ECLI:NL:CRVB:2005:AU6132
Centrale Raad van Beroep
- Verzet
- Rechtspraak.nl
Ongegrond verzet tegen niet-ontvankelijkheidsverklaring hoger beroep wegens niet-tijdige betaling griffierecht
In deze zaak heeft de opposant hoger beroep ingesteld tegen een uitspraak van de rechtbank ’s-Gravenhage van 19 november 2004. De Centrale Raad van Beroep heeft op 29 april 2005 het hoger beroep niet-ontvankelijk verklaard omdat de opposant het griffierecht niet tijdig had voldaan. De opposant heeft vervolgens verzet aangetekend tegen deze uitspraak. Het verzet werd behandeld tijdens een zitting op 28 september 2005, maar de opposant was niet verschenen.

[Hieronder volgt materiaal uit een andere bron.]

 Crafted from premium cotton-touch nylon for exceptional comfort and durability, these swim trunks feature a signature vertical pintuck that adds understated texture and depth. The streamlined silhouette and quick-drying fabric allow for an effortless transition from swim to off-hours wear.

De Raad heeft in zijn motivering aangegeven dat volgens artikel 22, tweede lid, onder a, van de Beroepswet (Bw) de indiener van een beroepschrift een griffierecht van € 102,-- verschuldigd is. De opposant was door de griffier op de verschuldigdheid van dit bedrag gewezen via brieven van 17 januari 2005 en 7 februari 2005. In de laatste brief werd de opposant geïnformeerd dat het griffierecht binnen vier weken op de rekening van de Centrale Raad van Beroep moest zijn bijgeschreven, anders zou het hoger beroep niet-ontvankelijk verklaard worden.

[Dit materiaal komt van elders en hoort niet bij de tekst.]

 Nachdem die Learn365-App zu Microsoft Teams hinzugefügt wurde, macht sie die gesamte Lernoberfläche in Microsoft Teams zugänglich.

Aangezien het griffierecht niet tijdig was voldaan, heeft de Raad op basis van artikel 22, vierde lid, van de Bw het hoger beroep niet-ontvankelijk verklaard. De Raad heeft het verzet ongegrond verklaard, omdat de opposant niet had aangetoond dat hij niet in staat was het griffierecht te voldoen. De Raad heeft geconcludeerd dat de opposant het risico heeft genomen door niet tijdig contact op te nemen met de Raad na de herinneringsbrieven. De uitspraak van de Raad van 29 april 2005 blijft derhalve in stand.